The client later filed a complaint to a city court and a subsequent appeal to Sverdlovsk regional court, accusing Sber of violating consumer rights.
According to the latest ruling by Sverdlovsk regional court, Sber had no reason to keep blocking the account service and limit the customer’s access to remote banking and bank cards after the client “disclosed the economic meaning of the transactions and indicated the source of funds.”

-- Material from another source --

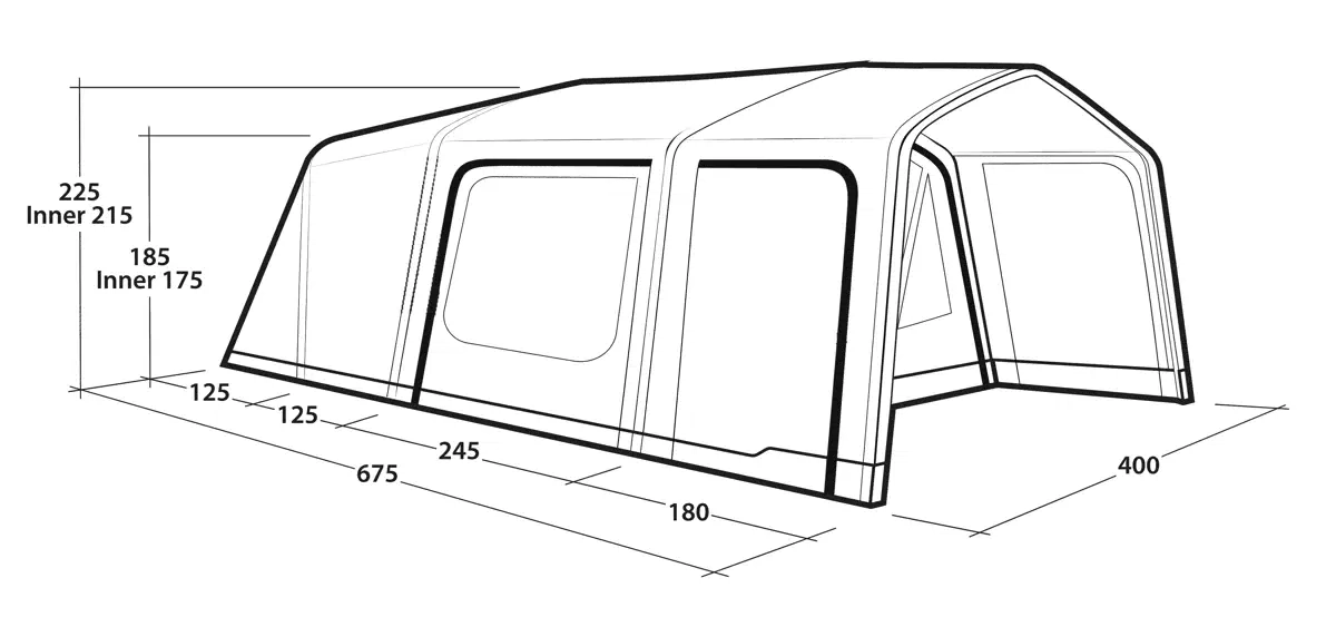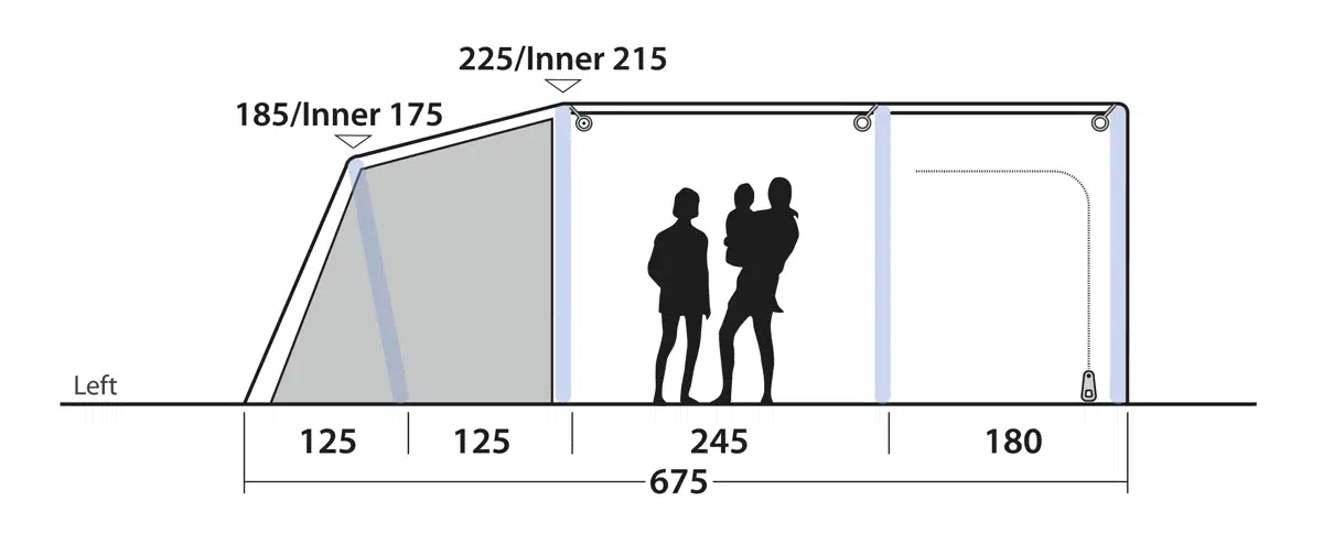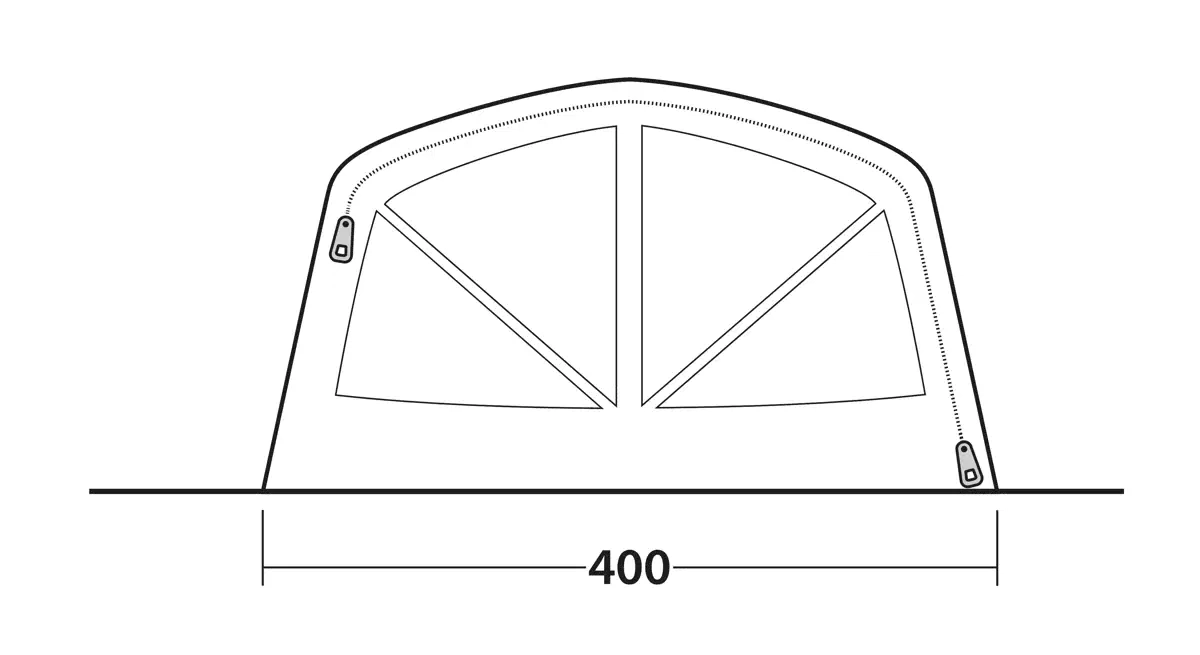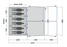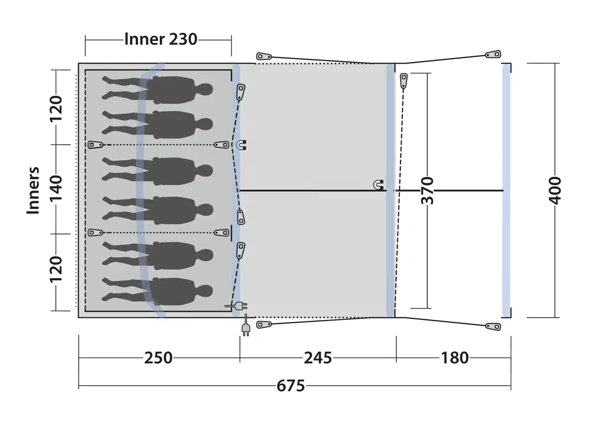 Tunnelteltets tre-rums konstruktion består af to mørke Ambassador-soveværelser på 230 cm og en central stue. De separate soveområder giver familier mulighed for at opdele børn og voksne, mens grupper af venner kan fordele sig efter behov. De ekstra mørke sovekabiner blokerer tidligt morgenlys, hvilket forlænger søvnen efter en dag med aktiviteter eller lang nat på festivallen. Mesh-ventilation i sovekabinerne sikrer god luftcirkulation uden at lukke insekter ind. Stuen fungerer som fælles opholdsrum med tilstrækkelig loftshøjde til at stå oprejst, takket være forformede luftslanger. Frontvæggen har både mesh- og PVC-vinduer med separate gardiner, så ventilation og privatliv kan justeres efter vejrforhold. Sidedøre med insektbeskyttende mesh giver adgang til opbevaringsområder uden at kompromittere komforten indvendigt. Indvendige mesh-lommer holder småting organiseret og let tilgængelige. Outwell Light System med 200 cm LED-længde giver justerbar belysning til aftenaktiviteter op til 560 lumens. Aluminium teleskopstænger i taget tilfører ekstra stabilitet, særligt ved blæsende vejr.

The court ruled that Sber must unblock the client’s bank cards and resume remote banking services, also ordering the bank to reimburse the customer’s legal costs. The court still denied the client’s claim for moral damages, noting that the plaintiff “did not use his bank accounts and cards for purposes that provide for the possibility of compensation for moral damage in connection with the violation of property rights.”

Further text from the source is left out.